As the graph shows from 200 to 2015 India's top commodity for import is concentrated on different oils like palm oil, crude, sunflower oil etc.

8.What are the top 10 commodities in Indian export Trade(USD) , 2000 vs 2016?

temp = cn_df[(cn_df.year==2000) & (cn_df.flow=='Export')].sort_values(by="trade_usd",  ascending=False).iloc[1:11, :]
trace1 = go.Bar(
marker = dict(color = 'rgba(21, 31, 39, 0.8)'),
orientation = 'h'
)

data = [trace1]
layout = {
#     'xaxis': {'title': 'Trade in USD'},
'yaxis': {'automargin':True,},
'title': "Top 10 Commodities in India Export Trade (USD), 2000"
}
fig = go.Figure(data = data, layout = layout)
iplot(fig)

temp1 = cn_df[(cn_df.year==2016) & (cn_df.flow=='Export')].sort_values(by="trade_usd",  ascending=False).iloc[1:11, :]
trace1 = go.Bar(
marker = dict(color = 'rgba(125, 121, 80, 0.8)'),
orientation = 'h'
)

data = [trace1]
layout = {
#     'xaxis': {'title': 'Trade in USD'},
'yaxis': {'automargin':True,},
'title': "Top 10 Commodities in India Export Trade (USD), 2016"
}
fig = go.Figure(data = data, layout = layout)
iplot(fig)

It seems that, from 2000 to 2016 India's top commodity for export is largely concentrated on raw coffe and tea, Ground nuts, cashew and other spice items.

Inference and conclusion

Here are the conclusion that we could draw about the Global Cargo Market from our Analysis:

1.We discovered about India's market share in the global Market and raise of Indian market share

2.We can say that India is far too behind compared other in Global cargo trading by considering the value of trade, Or in other words we can say that India still has long way to go if it wants to achieve dominance in global cargo market.
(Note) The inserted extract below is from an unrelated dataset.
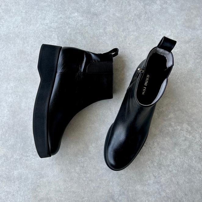 ブラック スムース ウォータープルーフ仕様☂ 外側がサイドゴア、内側がファスナーです
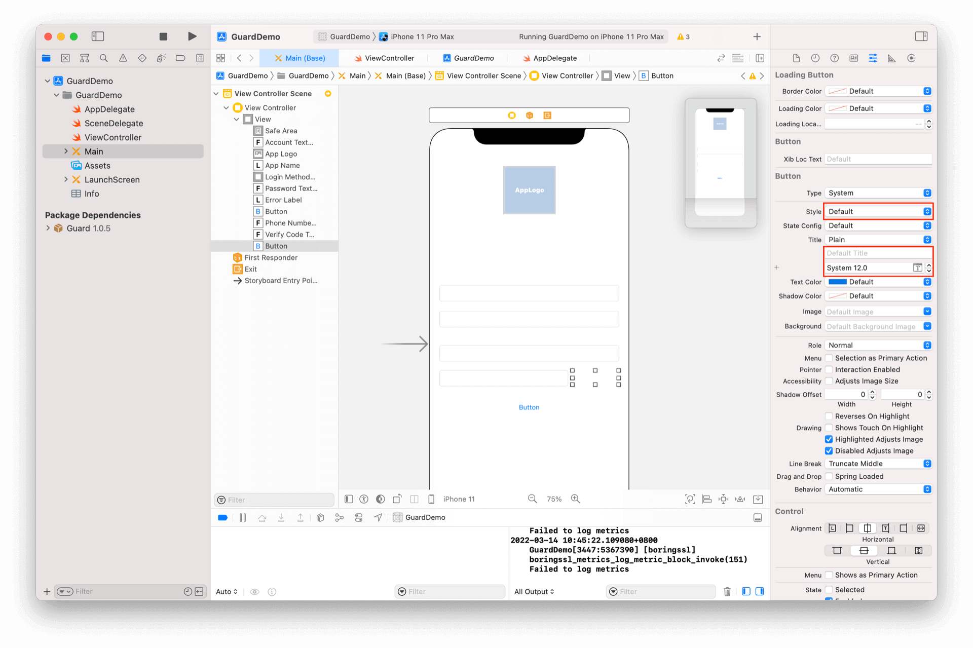iOS 默认按钮文字较大,我们修改一下 GetVerifyCodeButton 的属性,同时去掉默认的 "Button" 文字

3.Despite of seeing many ups and downs, India recovered faster and its growing at a good rate in global cargo trading.

4.When we compare India's trading volume in 2000 it was only 1.01% and increased to 1.56% of total world trade volume by 2015. One eye catching part here is that china's trading volume almost doubled from 3.65% in 2000 to 7.9% in the same time limit.

5.From 2000 to 2015 India's top commodity for import is concentrated on different oils like palm oil, crude, etc. And from 2000 to 2006 top commodity for export is largely concentrated on spice items.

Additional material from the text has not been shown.